Patent Description:
In the field of medicine, doctors often desire to monitor certain physiological characteristics of their patients. Accordingly, a wide variety of devices have been developed for monitoring many such physiological characteristics. Such devices provide doctors and other healthcare personnel with the information they need to provide the best possible healthcare for their patients. As a result, such monitoring devices have become an indispensable part of modern medicine.
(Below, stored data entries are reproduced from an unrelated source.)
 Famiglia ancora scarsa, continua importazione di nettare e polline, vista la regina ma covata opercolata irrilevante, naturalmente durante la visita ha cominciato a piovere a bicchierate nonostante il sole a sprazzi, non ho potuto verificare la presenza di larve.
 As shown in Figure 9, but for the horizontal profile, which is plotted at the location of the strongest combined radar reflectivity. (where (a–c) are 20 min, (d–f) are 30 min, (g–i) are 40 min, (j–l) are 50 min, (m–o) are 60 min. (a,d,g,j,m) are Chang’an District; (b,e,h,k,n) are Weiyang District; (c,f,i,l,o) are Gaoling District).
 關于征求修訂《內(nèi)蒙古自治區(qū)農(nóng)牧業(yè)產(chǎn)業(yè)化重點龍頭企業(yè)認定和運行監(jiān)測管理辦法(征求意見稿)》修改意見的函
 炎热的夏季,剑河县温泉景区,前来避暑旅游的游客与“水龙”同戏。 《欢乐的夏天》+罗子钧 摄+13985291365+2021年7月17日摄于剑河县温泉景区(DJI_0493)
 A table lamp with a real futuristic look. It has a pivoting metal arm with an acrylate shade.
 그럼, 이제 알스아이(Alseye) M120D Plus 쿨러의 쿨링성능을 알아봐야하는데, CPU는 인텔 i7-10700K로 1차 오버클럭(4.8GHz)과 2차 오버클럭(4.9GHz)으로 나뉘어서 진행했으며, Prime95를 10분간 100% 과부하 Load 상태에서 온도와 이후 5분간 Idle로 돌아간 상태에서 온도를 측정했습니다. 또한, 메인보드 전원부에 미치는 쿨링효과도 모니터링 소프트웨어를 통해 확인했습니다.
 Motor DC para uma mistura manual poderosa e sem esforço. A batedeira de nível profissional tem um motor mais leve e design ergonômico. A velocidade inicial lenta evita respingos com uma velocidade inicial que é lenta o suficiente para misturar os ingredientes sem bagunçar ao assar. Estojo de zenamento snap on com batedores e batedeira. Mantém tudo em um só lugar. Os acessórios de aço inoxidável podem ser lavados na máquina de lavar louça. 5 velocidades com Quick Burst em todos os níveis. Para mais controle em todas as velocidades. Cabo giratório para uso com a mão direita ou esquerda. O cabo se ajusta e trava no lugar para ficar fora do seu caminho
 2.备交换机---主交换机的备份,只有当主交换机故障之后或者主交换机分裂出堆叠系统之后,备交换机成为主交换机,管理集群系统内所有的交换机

One technique for monitoring certain physiological characteristics of a patient uses attenuation of light to determine physiological characteristics of a patient. This is used in pulse oximetry, and the devices built based upon pulse oximetry techniques. Light attenuation is also used for regional or cerebral oximetry. Oximetry may be used to measure various blood characteristics, such as the oxygen saturation of hemoglobin in blood or tissue, the volume of individual blood pulsations supplying the tissue, and/or the rate of blood pulsations corresponding to each heartbeat of a patient. The signals can lead to further physiological measurements, such as respiration rate, glucose levels or blood pressure.

As technologies advance and more measurements become available from the attenuated light signals, many caregivers find it convenient to have multiple physiological measurement parameters available in a single, multi-parameter monitoring device. <CIT> describes a remanufactured bandage-type medical sensor. <CIT> describes a flex circuit optical sensor. <CIT> describes a conformable sensor. <CIT> describes measuring and determining physiological parameters of a patient. <CIT> describes a spectrophotometric sensor.

The techniques of this disclosure generally relate to medical devices that monitor physiological parameters of a patient, such as pulse oximeters.

<NUM> According to one aspect of the present invention there is provided a patient monitoring sensor, comprising a communication interface, through which the patient monitoring sensor can communicate with a monitor; a light-emitting diode, LED, communicatively coupled to the communication interface; a detector, communicatively coupled to the communication interface, capable of detecting light; a body having a flexible circuit that couples the LED and the detector to the communication interface; and a faraday cage provided as a flap portion of the body extending from a portion of the body housing the detector, wherein said flap portion is folded over the detector, wherein the faraday cage includes an aperture configured to limit an amount of light from the LED that the detector is able to detect, and wherein the body further comprises a slot into which a tapered end of the flap portion is inserted when the flap portion is folded over the detector.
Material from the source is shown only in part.